ここでは、庭に立つ大きなブロンズのオリオン像が突然消えるという話がある。
これは、博士が出題したもので、解けたものを天王寺家の跡取りにするという。
そのクリスマスの夜、銅像が消えるとともに、招待客の一人が殺害されていた。
そして、彼女の部屋からは、彼女の息子の死体が発見された・・・
詩的私的ジャック
講談社ノベルズ (1997.1.5)
S女子大学校内のログハウス内で、T大の女子学生が殺害された。
その二か月後、T大の液体窒素のポンプ小屋内で、S女子大学の学生が殺害された。
どちらも、服や靴を取られ下着姿であり、腹部に切傷がつけられていた。
しかも、いわゆる密室であった。
その後さらに・・・
封印再度
講談社ノベルズ (1997.4.5)
岐阜県の旧家、香山家に伝わる「天地の瓢(こひょう)」と「無我の匣」は、
匣の鍵が瓶(瓢)の中に入っており、瓶の口は狭くて取りだせないようになっていた。
そして、約50年前、画家であった香山風采が仕事場にしていた自宅の倉で
自殺していた時に、そばに発見されたものであった。
ただし、凶器が発見されていなかったが・・・
犀川の姉、儀同世津子からその話を聞いた西之園萌絵は、さっそくその旧家を
訪れた・・・
まどろみ消去
講談社ノベルズ (1997.7.5)
- 虚空の黙祷者
二歳になる息子の友太が熱を出し、深夜に病院へ担ぎ込んだミドリ。
その日以来、夫は蒸発してしまった。
しかも、同じ町内の寺の住職の殺人容疑をかけられたまま・・・
- 純白の女
夫は、妻である自分が浮気をしたと思いこんで、一人の青年を殺害し、
投獄されている。。。そう思いこんでいる彼女は実は、、、
- 彼女の迷宮
朝倉サキは、数学者である夫の書く小説中の人物に嫉妬し、
夫の出張中に送って来る原稿を勝手に書き換えて編集者に渡していた・・・
- 真夜中の悲鳴
材料工学先攻のドクターの学生スピカは、騒音の少なくなる真夜中に
実験をしていた。当時学内では、物騒な事件がたて続けに起きていた・・・
- やさしい恋人へ僕から
大学二年の夏、初めて会ったスバル氏。
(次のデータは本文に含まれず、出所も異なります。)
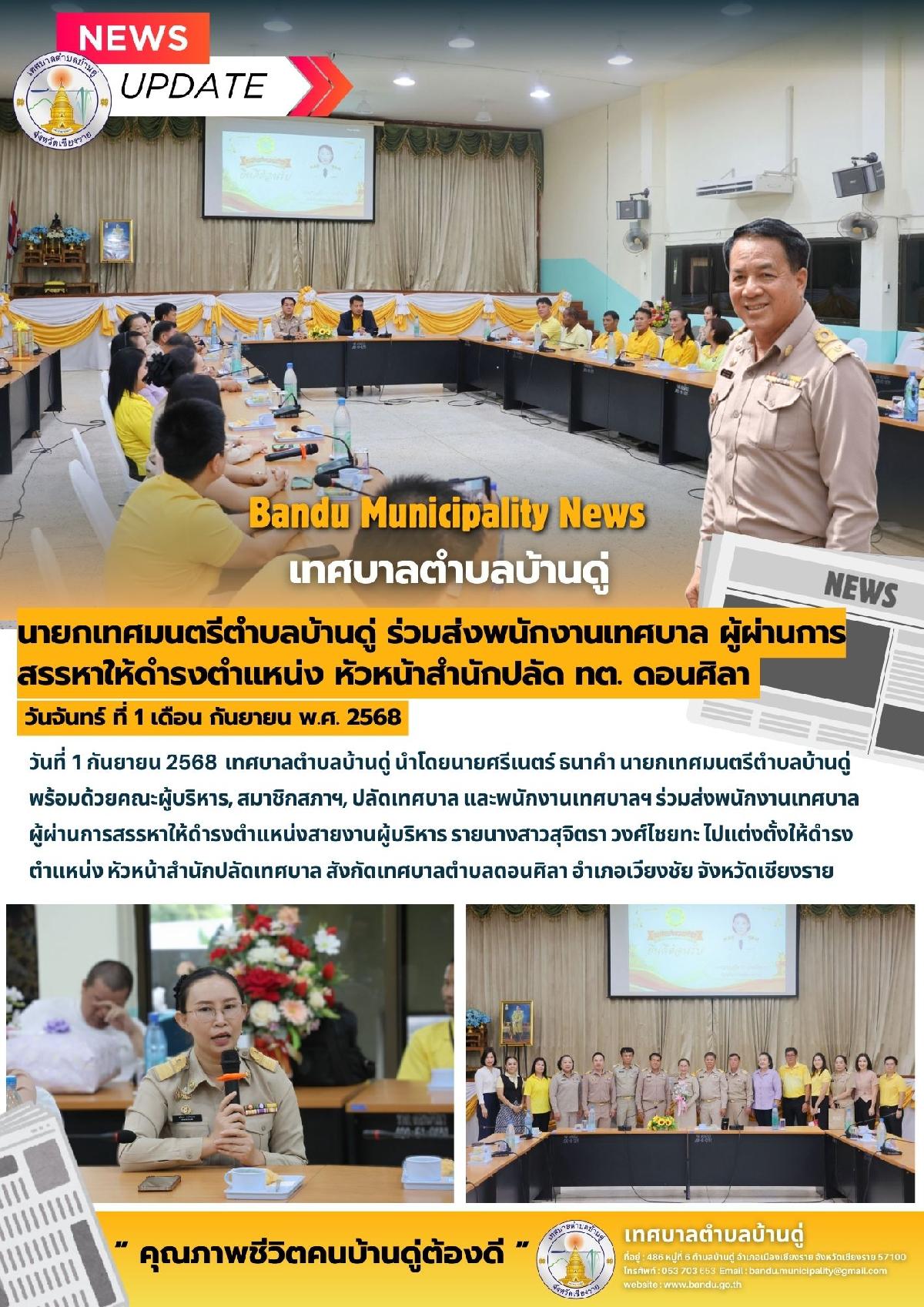 1 ก.ย. 68 นายกเทศมนตรีตำบลบ้านดู่ พร้อมคณะผู้บริหาร ร่วมส่งพนักงานเทศบาล ไปแต่งตั้งให้ดำรงตำแหน่ง หัวหน้าสำนักปลัดเทศบาล สังกัดเทศบาลตำบลดอนศิลา
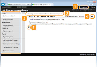 Отображение состояния документов для печати и журналы печати, копирования, отправки и получения документов. Можно также проверить состояние аппарата.
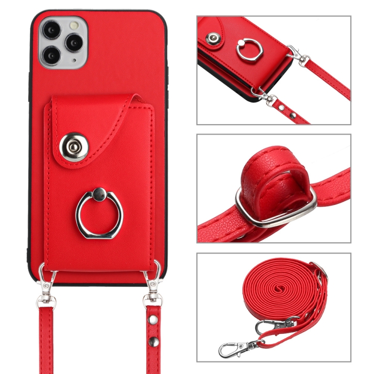 Funda para Teléfono iPhone 11 Pro con Soporte para Anillo y Bolsa para Tarjeta con Cordón Largo (Rojo)
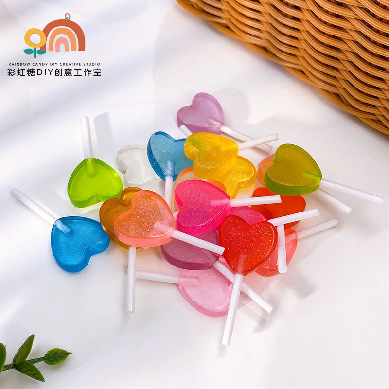 擬似樹脂の透き通った色の細いきらきらした愛のロリポップDIY創意耳飾りのヘアピンのキーホルダーのアクセサリーの部品の材料
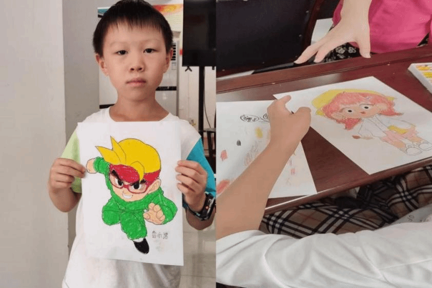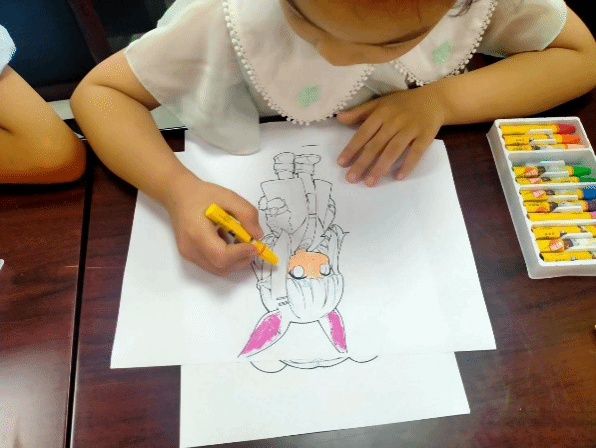 活动开始前,团队成员便为孩子们准备好了此次所需线稿图案。志愿者们通过有趣的游戏带领小朋友们进入色彩课堂,以理论宣讲、双语动画视频等方式,为孩子们提供色彩搭配的方向,引导他们充分发挥自己的想象进行上色。在填图绘画的实践过程中,志愿者们也耐心地进行了一对一指导,及时帮助遇到困难的小朋友们解决问题。课堂最后,孩子们展示了丰富多彩的作品,他们的笑容中洋溢着满足和喜悦,父母们的眼中也充满自豪。
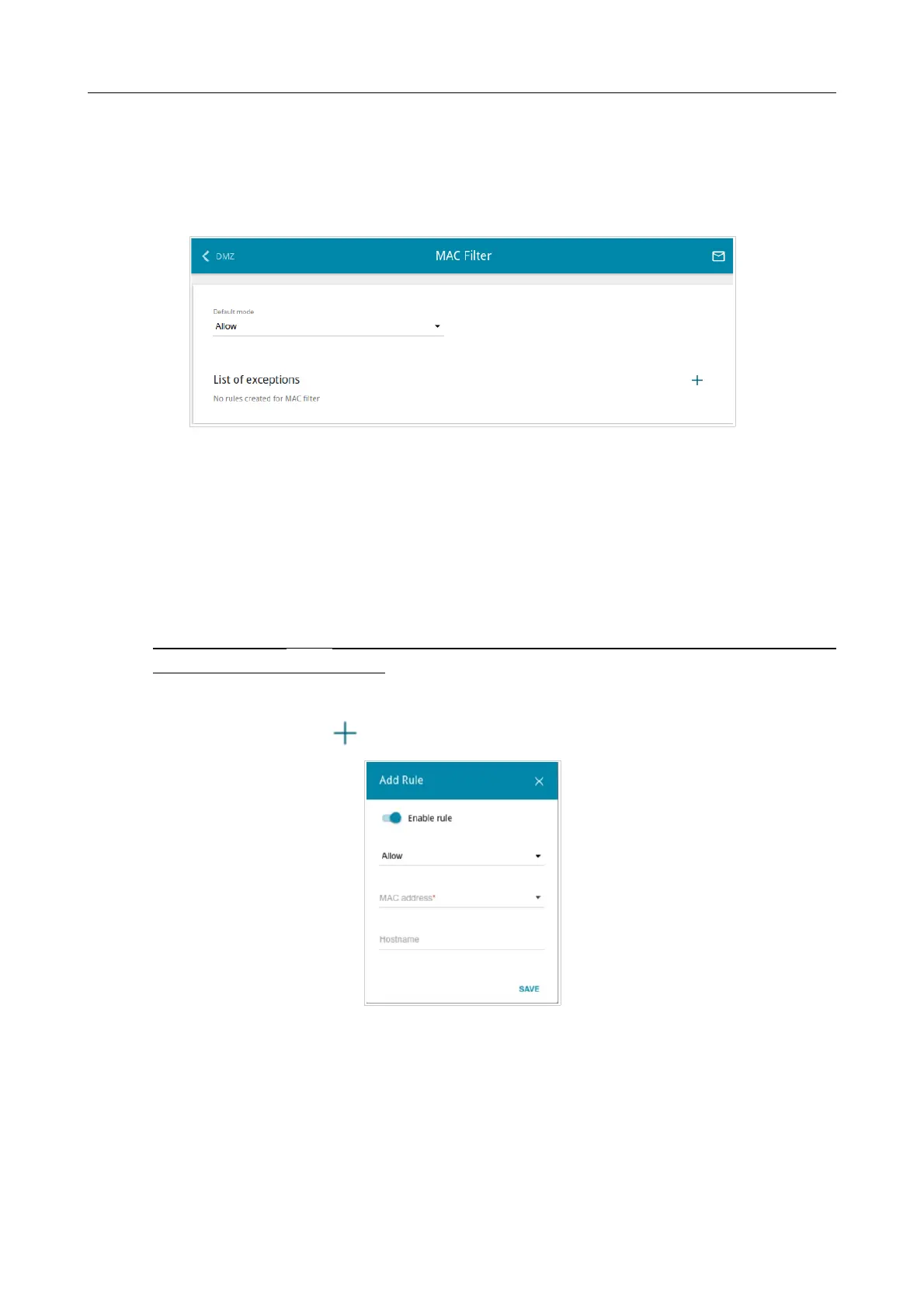 To create a rule (specify a MAC address of a device for which the specified filtering mode will be
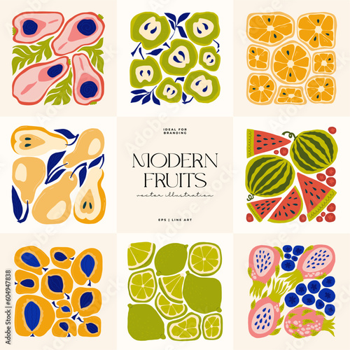 Fruits abstract elements. Food and healsy composition. Modern trendy Matisse minimal style. Fruits poster, invite. Vector arrangements for greeting card or invitation design
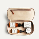 This kit has been designed for men seeking simplicity, refinement, and natural skincare. Whether traveling or in everyday life, it elegantly accompanies essential rituals thanks to its compact design, crafted from our semi-vegetable-tanned leather.

そのスバル氏は、今の私の・・・
- ミステリィ対戦の前夜
大学のミステリー研究会に所属している西之園萌絵。
幽霊部員であったが、いろいろな意味で有名人であり、部員の競作の
審査員として岡部に説得されてやってきた・・・
- 誰もいなくなった
ミステリーツアーと題する企画に参加した浜中フカシと牧野ヨーコ。
近くのマンションの屋上から30人のインディアンが踊るのを見た後、
その舞台から彼らが消え去った。
もちろん、その舞台に出入りした人物は一人もいない・・・
- 何をするためにきたのか
甲斐田フガクは、大学に入学してきたが、何のために大学に
やってきたのか、その理由をつかみ切れていなかった・・・
- 悩める刑事
三枝モリオは、通勤バスの中で悩んでいた。
このまま仕事を続けていいのかどうか。。。
そして今日ついに、彼は辞表を出してきてしまった・・・
- 心の法則
モビカ氏とは、三回しか会ったことはない。
一度目は一年程前喫茶店で。二度目は夢の中で。今回は三度目だ。
前回彼との話題は、「心の法則」というものであった・・・
- キシマ先生の静かな生活
キシマ先生は、僕が大学のM1の時に初めて知った。
先生とは不思議と周波数があって、いろいろ教えていただいた。
彼は間違いなく天才で、尊敬に値する学者であった・・・
幻惑の死と使途
講談社ノベルズ (1997.10.5)
マジシャンの有里匠幻が、脱出マジックの最中に殺害された。
テレビ収録の最中、そして大勢の観客の目の前で。
さらに、その葬式で、彼の遺体が突然消えた。
彼は、死んだ後まで得意の脱出マジックを使ったのか???
さらに彼の後をついで、爆破して壊すビルから脱出するというマジックをした
愛弟子の有里ミカルが、脱出直後に殺害された・・・
夏のレプリカ
講談社ノベルズ (1998.1.7)
簔沢杜萌は西之園萌絵と別れた後、地下鉄を乗り継いでタクシーで実家に向かった。
ところが帰ってきてみると、お手伝いの佐伯千栄子だけがいた。
両親と姉は、急用で外出したらしい。。。
ところが、次の日になっても誰も戻って来なかった。お手伝いさんも来ない。
そのかわり...不審者が侵入していた。
彼は、杜萌にピストルを突きつけ、電話に応対した後で車で別荘に行くように
指示した・・・
今はもうない
講談社ノベルズ (1998.4.5)
笹川氏は、フィアンセの知り合いの橋爪家の別荘に招待されていた。
パーティーやら話やらに飽きて外を散策していたら、白いドレスを着た女性と
出会った。
彼女は隣りの別荘の人だったが、すぐに雨が降りそうな中、自分の別荘には
絶対帰りたくないため、これから歩いて山を降りると言う。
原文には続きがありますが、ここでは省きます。